なんかもう、深まりすぎて(笑)。少し前まではVTuberが「本気で音楽をやる」ということもきっと理解してもらえなかっただろうし、自分がそれをやるということにも踏み切れなかったと思うんですけど、今回は完全に吹っ切れました。だから、歌詞以外にも挑戦しようと思えることがすごく増えていて、“猫の手を貸すよ”のMVで使うイラストも自分で描いてみようと思って、実は今必死に描いているところなんです。今、自分の表現に対して自信がついてきていて、いろんなことにチャレンジしていこうという気持ちになっているんですよね。自分の人生自体、「やるぞ!」っていう気持ちに満ちていて、なんか今すごく幸せです(笑)。
──素晴らしい(笑)。そのとてもポジティブなモードはどういうふうに緑仙さんの中で熟成されてきたんでしょう。
周りの環境が本当にありがたくて。VTuberとして活動するときには、どうしても同時接続数とか、数字的な部分に重きを置かなければならないこともあって、自分が面白いと思っているものでも「これは本当に面白いものなのか?」とわからなくなることもあるんです。でも「音楽をやる」という部分ではよくも悪くもそれを感じないんですよね。素直に自分がいいと思ったもの、自分だからこそ発信できるものに集中させてもらえる環境があって、そのおかげで素直に制作に取り組めているというのはあると思います。もちろんVTuberとしての活動も自分は大切にしているし、今両方経験できているというのがすごくありがたいですね。
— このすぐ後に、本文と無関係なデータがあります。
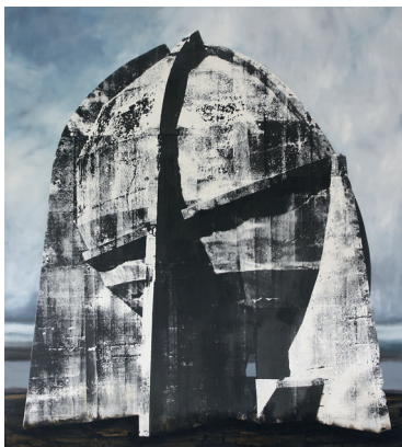
Clément Laigle, Pal , 2015, acier brut, béton, 650 x 40 x 40 cm © Clément Laigle, Courtesy the artist and galerie Gourvennec Ogier

Located on the Villejean campus of Rennes 2 University, The Gallery Art et Essai, presents, from September to June, 5 major exhibitions focusing either on one artist or a group of artists; some with international recognition, others as project rooms featuring specific propositions. Working with the Department of Culture of the University, the Gallery Art et Essai is a venue for exhibitions, professional training, as well as a place dedicated to research and exchanges. The Gallery Art et Essai is part of the Network for Contemporary Art in Brittany.

──今回の作品を2作のミニアルバムに分けてリリースするというのは、どういう構想からでしたか? 前作は「食」を入口にして人生を語る作品になっていて、今回はそれをさらに普遍的なストーリーとして構築していますよね。初めからそういうコンセプトを決めて取りかかったんですか?音楽ならもっと多くの人を元気づけられるということに気づいて。それが近年、音楽を本当に好きになった理由のひとつなんです
最初から完全にコンセプトを決めて取りかかりました。自分がやることはすべてにおいてそうなんですけど、まずゴールを決めて、そこに向けて逆算して進めていきたいんです。それでいえば自分の中でのいちばん大きな最終ゴールというのは、ちょっと言葉が強いですけど、「死」なんですよね。この「死」っていうのは誰もがいつか絶対に迎えるもので、そこに向かってどういうふうに自分は過ごしていけるかというのが最重要なんです。だから、音楽的な目標とかVTuberとしての目標とか、小さいゴールはその時々でありますけど、いちばん大きなゴールは「死ぬこと」なんですよ。
──「死ぬときに見る走馬灯をめちゃくちゃかっこよくしたくて、日々生きている」という、緑仙さんの名言がありますよね。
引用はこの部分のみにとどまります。